BigQuery extractor, Pydantic validator, DuckDB loader, and multi-sink adapter — independently testable

Output destinations

CSV, Amazon S3, MotherDuck — selected at runtime via --sink flag, no code change required

Source tables

orders, order_items, users, products, inventory_items, events — each with a corresponding Pydantic model class

Infochart 05 · Module Dependency Map

main.py orchestrates — modules never import each other

The dependency inversion keeps each module independently testable. Unit tests for the BigQuery extractor mock the BQ client; tests for the Pydantic validator use hardcoded dicts; tests for sinks use in-memory DuckDB relations.

06 — Deliverables

A reproducible, independently-testable ETL codebase.

Every component ships with unit tests, environment variable configuration, and a README covering local setup and sink-specific credential requirements.

BigQuery Extractor (bq_client.py)

Table-agnostic extractor using the BigQuery Python client. Returns validated list[dict] output. Auth via service account JSON or ADC.

Pydantic Models (models.py)

One BaseModel subclass per source table. Type coercion, enum validation, nullability enforcement, and strict/tolerant mode configuration.

DuckDB Loader (duckdb_loader.py)

In-process analytical engine. Receives validated records, creates in-memory DuckDB tables, exposes DuckDBRelation for sink consumption.

Multi-Sink Adapters (sinks.py)

CSVSink, S3Sink, and MotherDuckSink — all implementing a common SinkAdapter protocol.
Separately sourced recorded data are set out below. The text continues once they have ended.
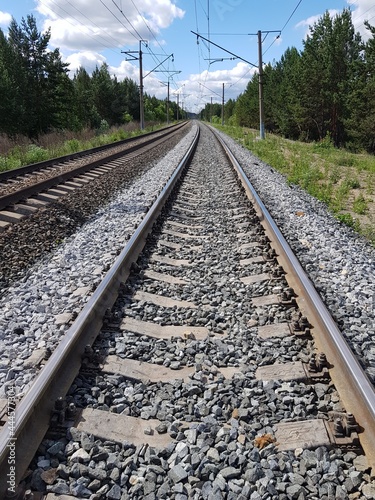 Fototapeta premium Railroad tracks go to the horizon
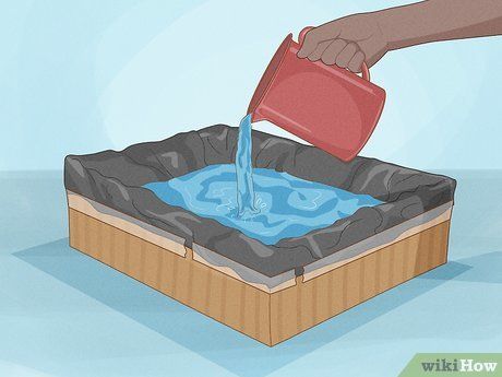 Làm đầy hộp đã lót bằng 7.62 đến 10.16 cm (3 đến 4 inch) nước. Chuyển nước từ bồn rửa vào hộp bằng một cái bình đựng nước. 7.62 đến 10.16 cm (3 đến 4 inch) nước sẽ tạo ra một khối đá đủ dày để trượt.
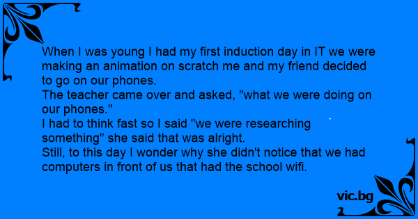 When I was young I had my first induction day in IT we were making an animation on scratch me and my friend decided to go on our phones.
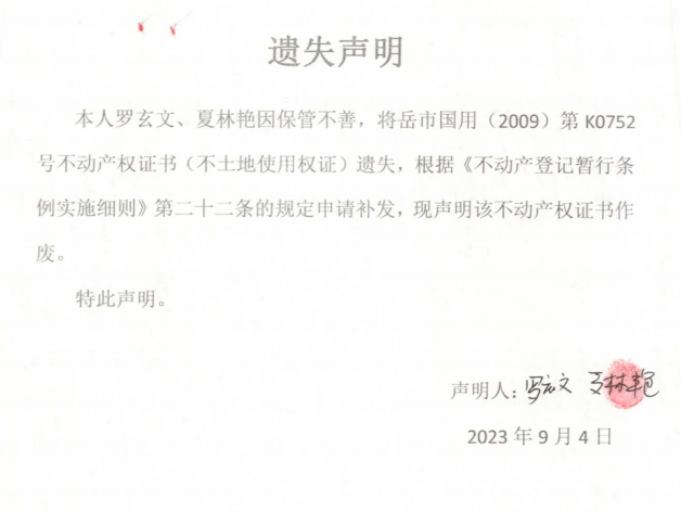 遗失声明(罗玄文、夏林艳)
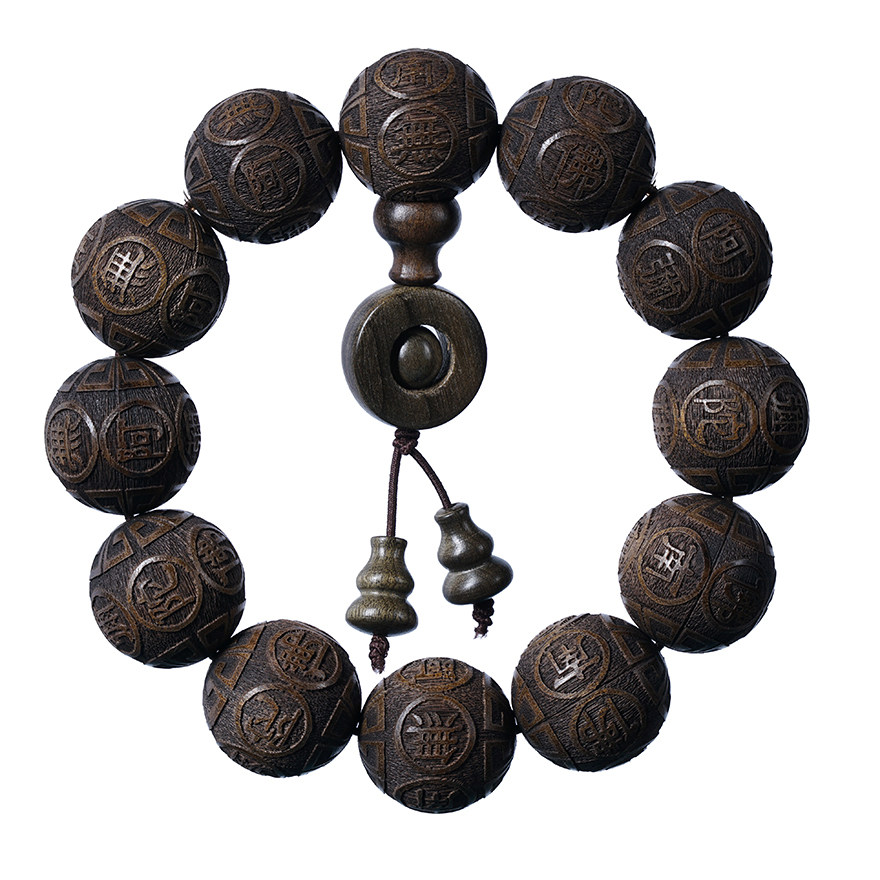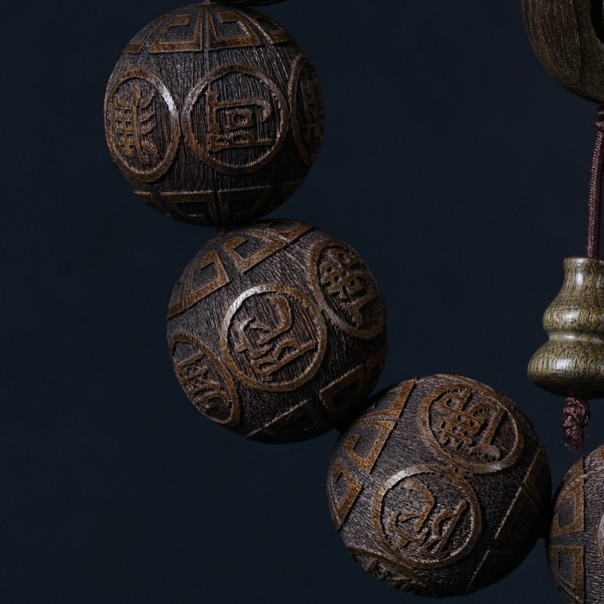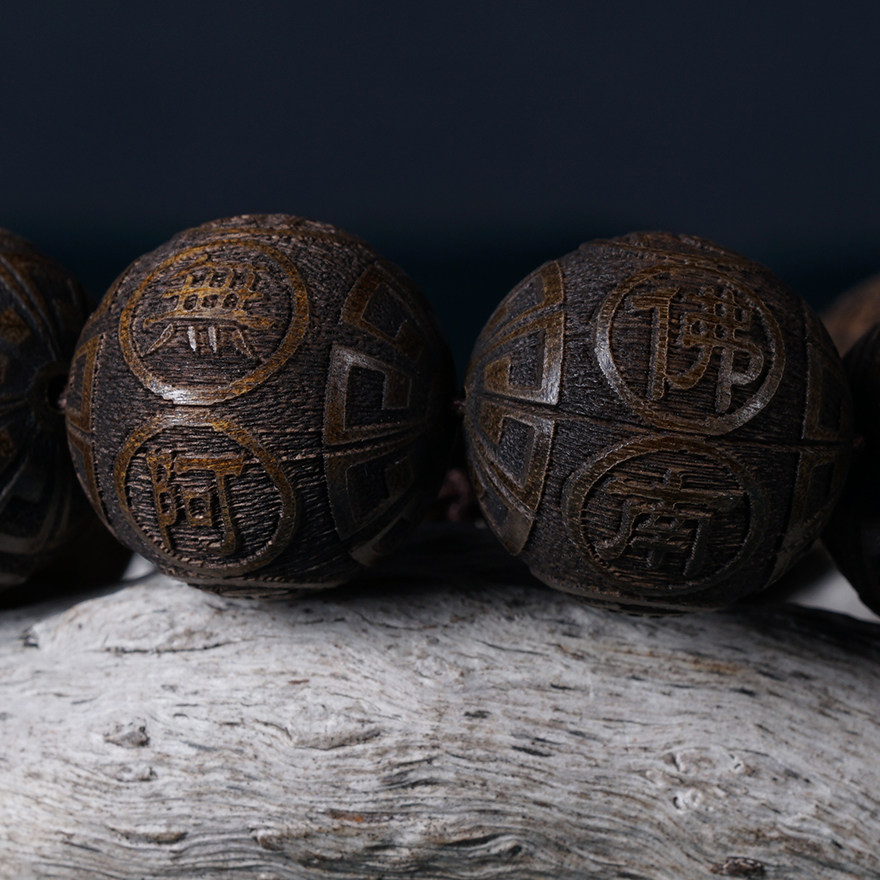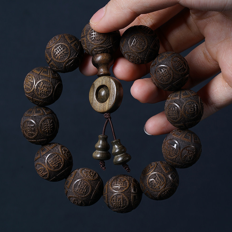 Sparkling (South no Amitaba Buddha) Golden Silk Nan Yin Sunken Wood 20mm Xiaoye Zhen's Old material Engraving Handstring
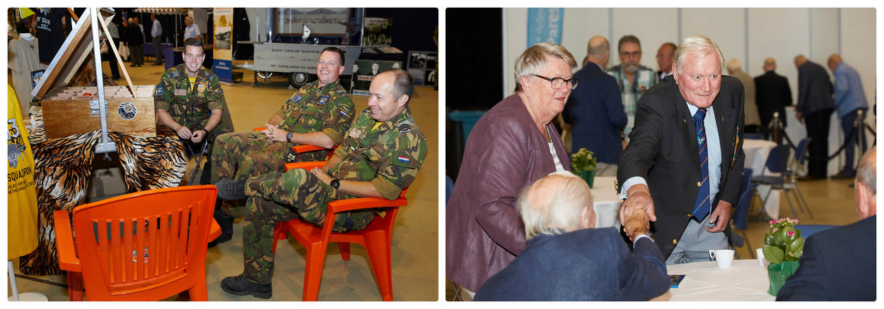 "Altijd heel gezellig" , omschrijft PC-LSK generaal-majoor Mario Verbeek het jaarlijkse evenement. Als Inspecteur der Luchtmachtveteranen is hij gastheer en uiteraard vaste bezoeker. “Ik zag flight engineers van de C-130 aan tafel zitten met vakgenoten van vroeger. Da’s léuk! Mensen komen hier om te praten.” Want iedere aanwezige heeft een verhaal, evenredig aan het dagthema. Zo ook sergeant Romy van der Veen-Lamers (29) die individueel op uitzending ging. “Ik wist destijds niet waaraan ik begon. 2 weken voordat ik moest vertrekken naar Mali, kreeg ik pas een oproep. Er was iemand uitgevallen. 'Of ik als Chinook-technicus mee kon met het helidet.' Ik was al eerder met 298 op oefening geweest, maar dit was de 1e keer écht weg. 'Dit is een kans; pak ‘m!’, dacht ik. Maar wél spannend. Alleen achter het detachement aan dat al in Mali was. Maar ik zou het zo weer doen, want het was een heel mooie tijd.”
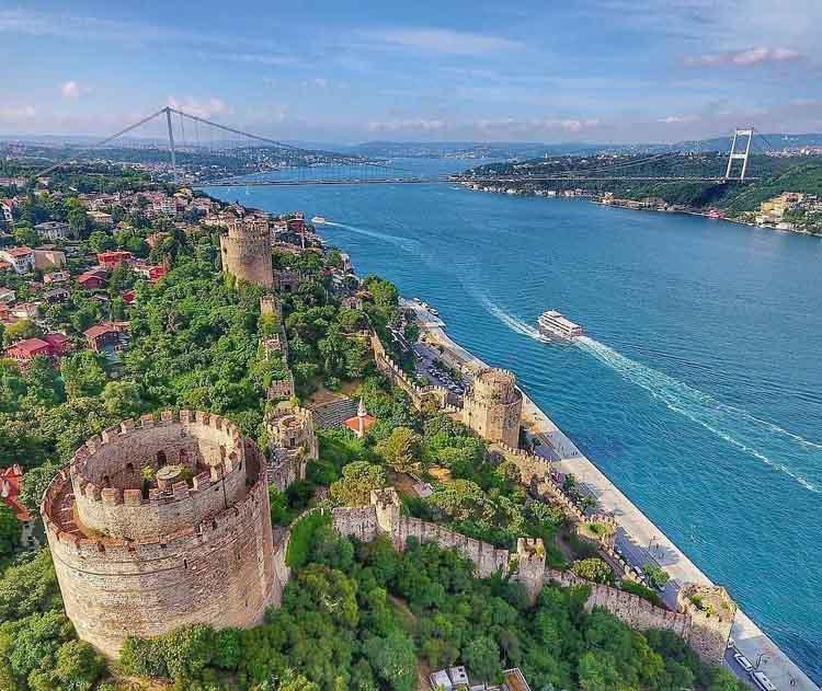 La forteresse de Rumeli s’élève de manière spectaculaire sur la rive européenne.
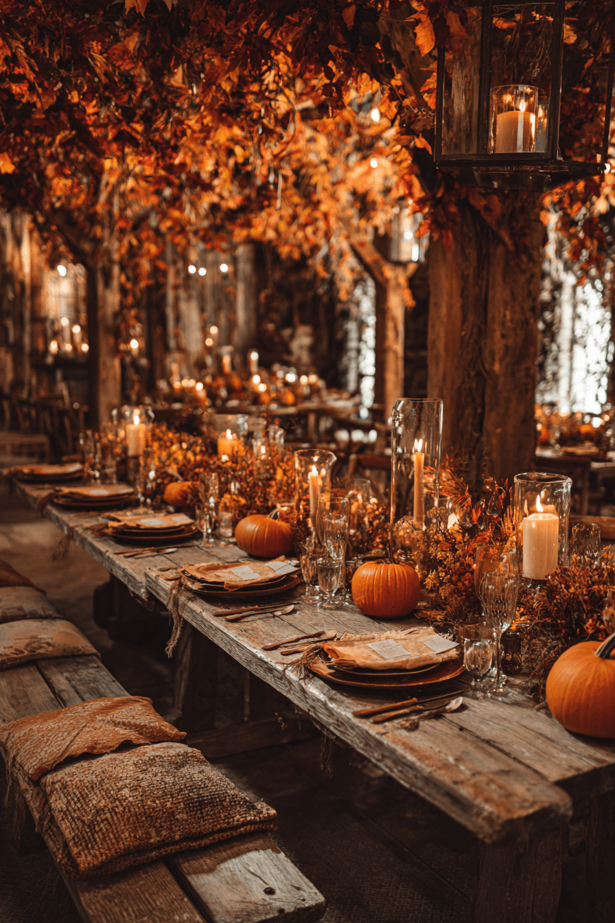 Warm fall tones create a cozy and layered boho wedding full of seasonal beauty. Deep oranges and reds add richness to every detail. Natural elements like wood and leaves enhance the design. The layout feels structured yet organic. Soft lighting adds to the welcoming mood. Celebrate your boho wedding with this autumn-inspired look.
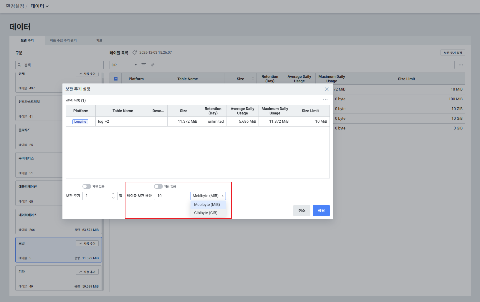 테이블 보관 용량 설정 대상로깅 플랫폼만 설정 가능합니다.
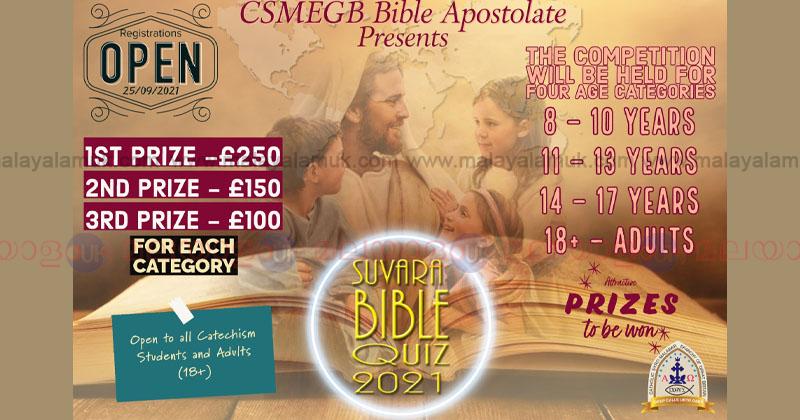 ഈ വർഷത്തെ സുവാറ ബൈബിൾ ക്വിസ് മത്സരങ്ങളുടെ രജിസ്ട്രേഷൻ ആരംഭിച്ചു. രണ്ടായിരത്തിൽ പരം കുട്ടികൾ മത്സരിച്ച യൂറോപ്പിലെത്തന്നെ ഏറ്റവും വലിയ ഓൺലൈൻ ബൈബിൾ ക്വിസ് മത്സരമാണ് ഗ്രേറ്റ് ബ്രിട്ടൻ രൂപത വിശ്വാസപരിശീലന ക്ലാസ്സുകളിലെ കുട്ടികൾക്കായി സുവാറ എന്ന പേരിൽ കഴിഞ്ഞ വർഷം സംഘടിപ്പിച്ചത് . കുട്ടികളുടെ പങ്കാളിത്തം കൊണ്ടും ദൈവജനത്തിന്റെ സഹകരണംകൊണ്ടും ഏറെ പ്രശംസപിടിച്ചുപറ്റിയ ഈ മത്സരം കുട്ടികൾ ബൈബിൾ പഠിക്കുക എന്ന ലഷ്യത്തിലുറച്ചുനിന്നുകൊണ്ട് ഈ വർഷവും നടത്തപെടുകയാണ്.
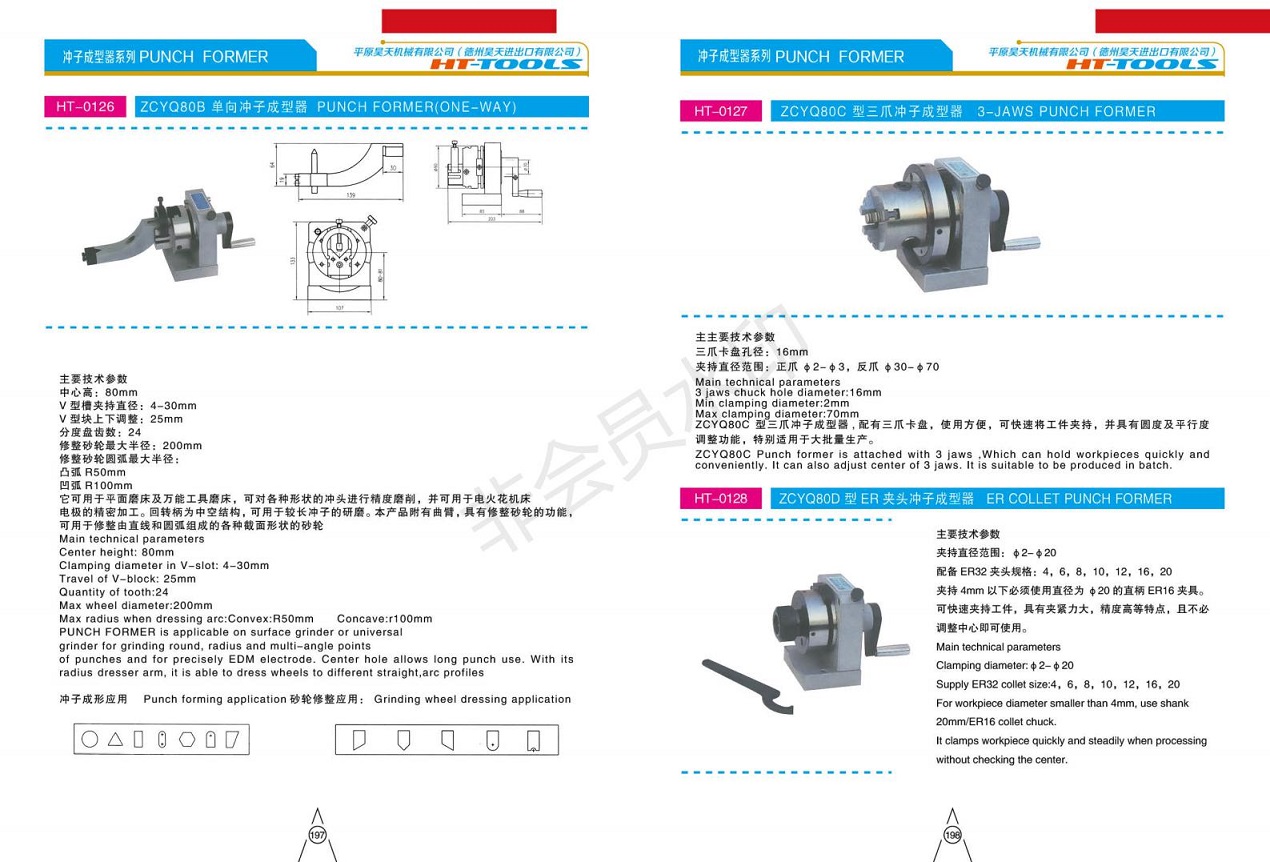 The punch forming machine is suitable for surface grinder or universal grinder, grinding the round point, radius and multi-angle point of the punch, and for precision EDM electrode. Its radius dressing arm can dress the grinding wheel into different straight and circular contours.
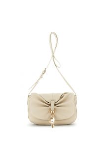 bolso de hombro con solapa efecto piel martillada y charm con logo sand
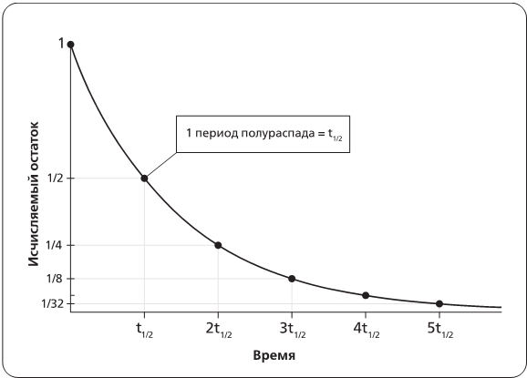 Рис. 6.4. Экспоненциальный распад радиоактивного источника. Один период полураспада – это время, необходимое для того, чтобы произошел распад 50 % образца. В течение следующего периода полураспада распадется 50 % того, что осталось. Таким образом, на горизонтальной оси, представляющей время на графике с периодами полураспада, мы видим, что по истечении пяти периодов полураспада остается лишь 1/2 – > 1/4 – > 1/8 – > 1/16 – > 1/32 образца
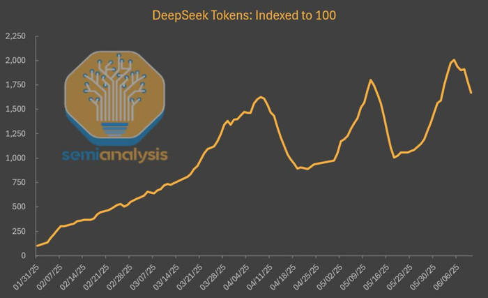 到了5月,全网DeepSeek模型产生的token中,来自DeepSeek本家的份额已经只占16%了。
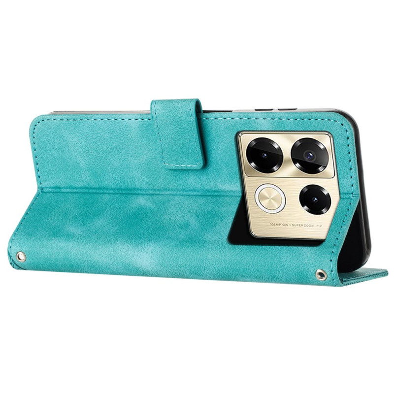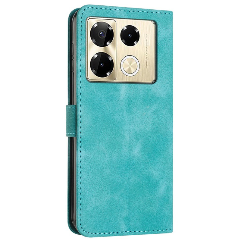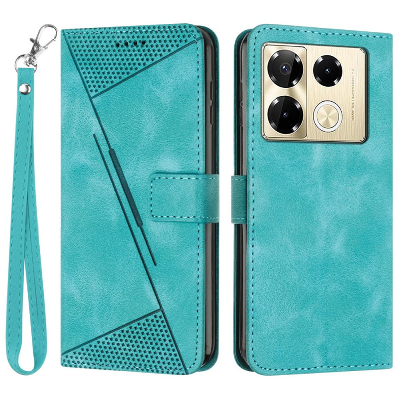 Elegante Brieftasche für Infinix Note 40 Pro 5G / 4G Pro, die Stil und Funktionalität kombiniert. Ausgestattet mit aufgedruckten Dreiecksmustern, 3 Kartenfächern, Ständerfunktion und abnehmbarer Handschlaufe. Umfassender Schutz mit sicherem Magnetverschluss.
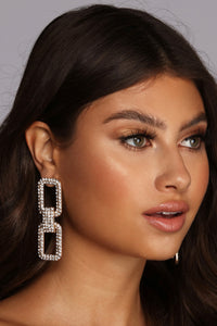 Make a statement with lots of shine with these dazzling earrings! They feature a gold hue, a chain link design adorned with mini rhinestone throughout and a post back closure.Style Number/Barcode: 07001-0086
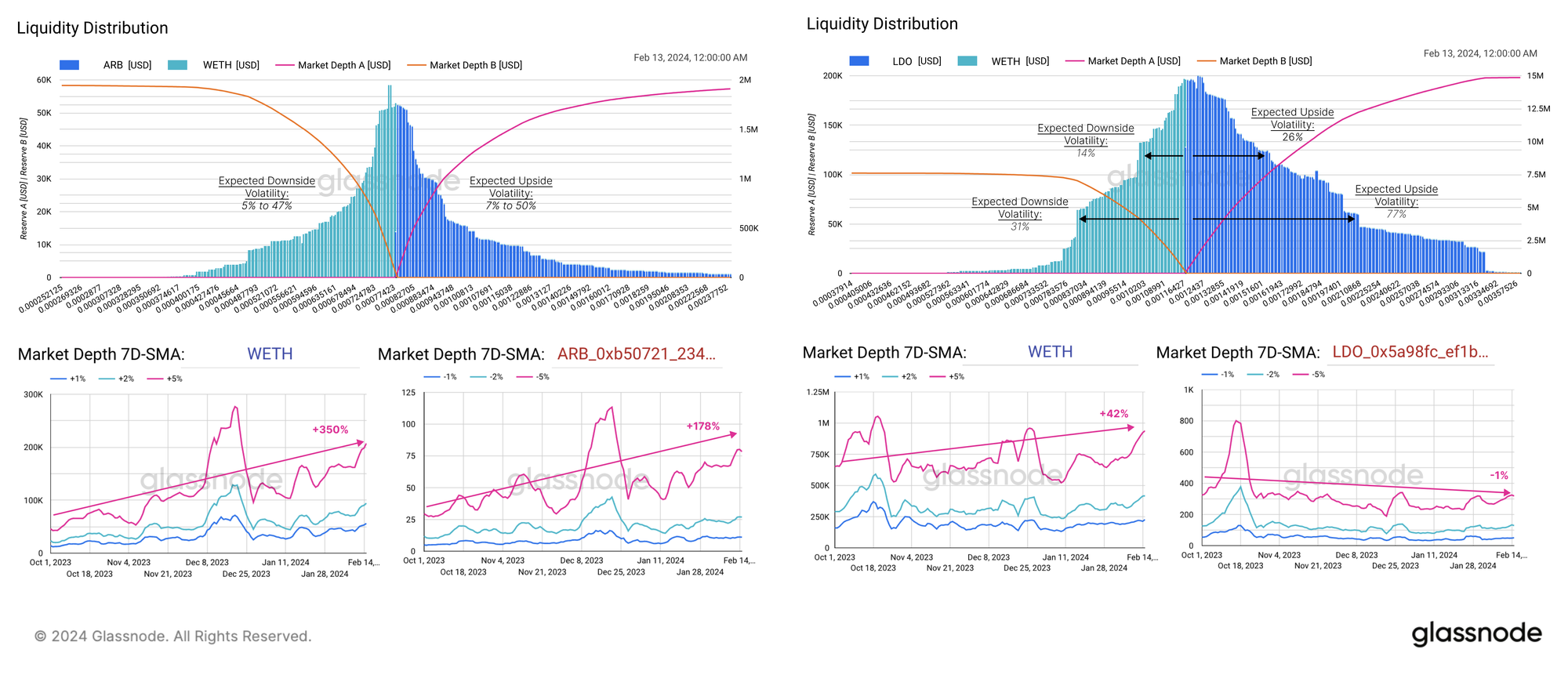 Şimdi her bir Ethereum sektöründeki en iyi token havuzlarını inceleyeceğiz. Bu, likiditenin çeşitli fiyat aralıklarındaki dağılımını değerlendirmeyi ve piyasa derinliğinin gelişimini gözlemlemeyi içerir (WoC 36'da ortaya koyduğumuz hipotezimize benzer şekilde).
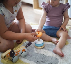 Dřevěná konstrukce zajišťuje dlouhou životnost hračky, bezpečnost a ekologický přístup, čímž se ideálně hodí pro nejmenší.
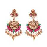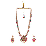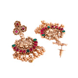 The Lakshmi Vilasam Temple Necklace Set, part of the Gold Opulence Collection, is a masterpiece of ethnic elegance and divine charm. Crafted from high-quality alloy and plated with gold, this set boasts intricate designs adorned with exquisite red and green kundan stones. The centerpiece of the necklace is a beautifully detailed pendant depicting Goddess Lakshmi, symbolizing prosperity and grace. Paired with matching earrings, this set offers a regal look that's perfect for weddings, festivals, or any special occasion. The vibrant colors and detailed craftsmanship make this set a versatile piece that can be styled with traditional sarees, lehengas, or even contemporary outfits for a unique fusion look. It's an ideal gift for women on occasions like Diwali, Rakshabandhan, Valentine's Day, Christmas, and New Year, making it a thoughtful present for mothers, sisters, girlfriends, wives, and lovers. Celebrate the opulence and grandeur of South Indian temple jewelry with this exquisite set.
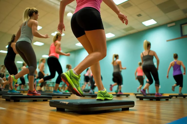 Attività aerobica coreografica a medio-alto impatto, con l’uso dello Step ed il conteggio dei beat musicali. Migliora capacità cardiorespiratorie, resistenza, ossigenazione, circolazione, ritmo ed l'equilibrio, favorendo la perdita di tessuto adiposo.

Runtime-selectable via --sink CLI flag.

Unit Test Suite (pytest)

Independent tests per module. BigQuery mocked with unittest.mock. Validator tests use hardcoded valid/invalid dicts. Sink tests use in-memory DuckDB.

README + .env template

Local setup guide, GCP service account configuration, AWS credential setup, MotherDuck token setup, and example CLI invocations for each sink.

“

A pipeline is only as trustworthy as the data that enters it. Validate at the boundary, process in-memory, and make the output destination a runtime decision — not a hardcoded assumption.